Restate exactly, and only, the lines from the one with "全国各地へ足を運び、目で見て" through the end of the data, with both of those end lines kept. Drop any pictures.

(DATA EXCERPT)

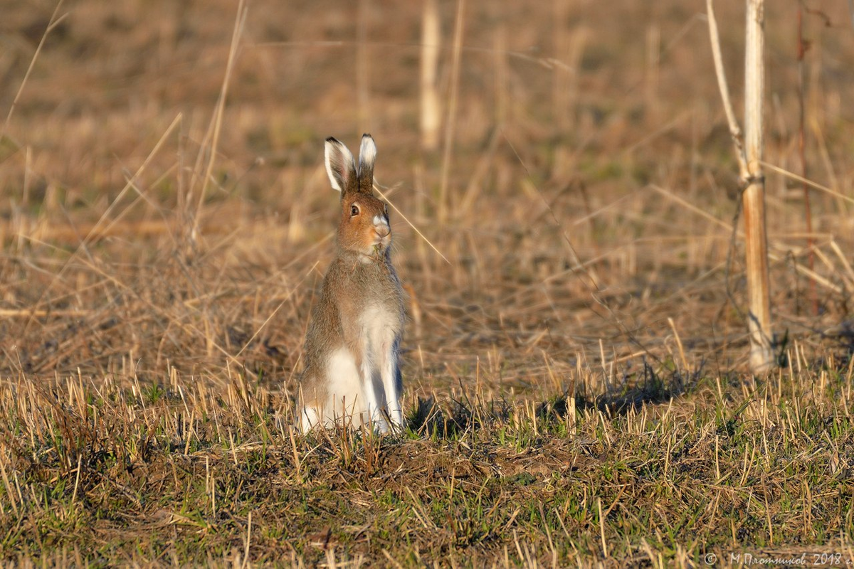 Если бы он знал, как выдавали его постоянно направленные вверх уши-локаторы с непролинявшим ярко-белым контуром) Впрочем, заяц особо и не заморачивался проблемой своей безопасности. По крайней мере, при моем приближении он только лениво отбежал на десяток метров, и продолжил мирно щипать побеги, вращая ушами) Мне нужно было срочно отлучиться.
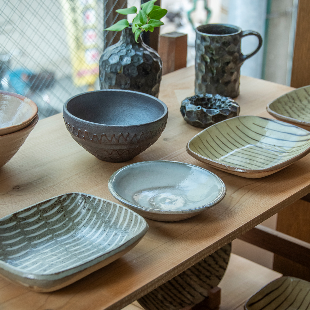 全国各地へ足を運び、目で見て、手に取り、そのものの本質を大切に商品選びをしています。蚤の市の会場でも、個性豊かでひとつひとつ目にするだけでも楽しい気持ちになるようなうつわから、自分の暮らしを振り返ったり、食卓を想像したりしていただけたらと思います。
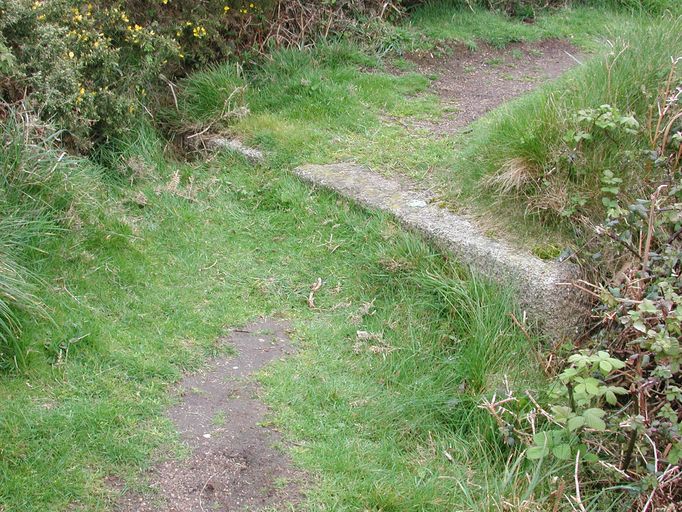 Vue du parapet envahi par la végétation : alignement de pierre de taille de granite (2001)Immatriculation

(End DATA EXCERPT)

RESULT:
 全国各地へ足を運び、目で見て、手に取り、そのものの本質を大切に商品選びをしています。蚤の市の会場でも、個性豊かでひとつひとつ目にするだけでも楽しい気持ちになるようなうつわから、自分の暮らしを振り返ったり、食卓を想像したりしていただけたらと思います。
 Vue du parapet envahi par la végétation : alignement de pierre de taille de granite (2001)Immatriculation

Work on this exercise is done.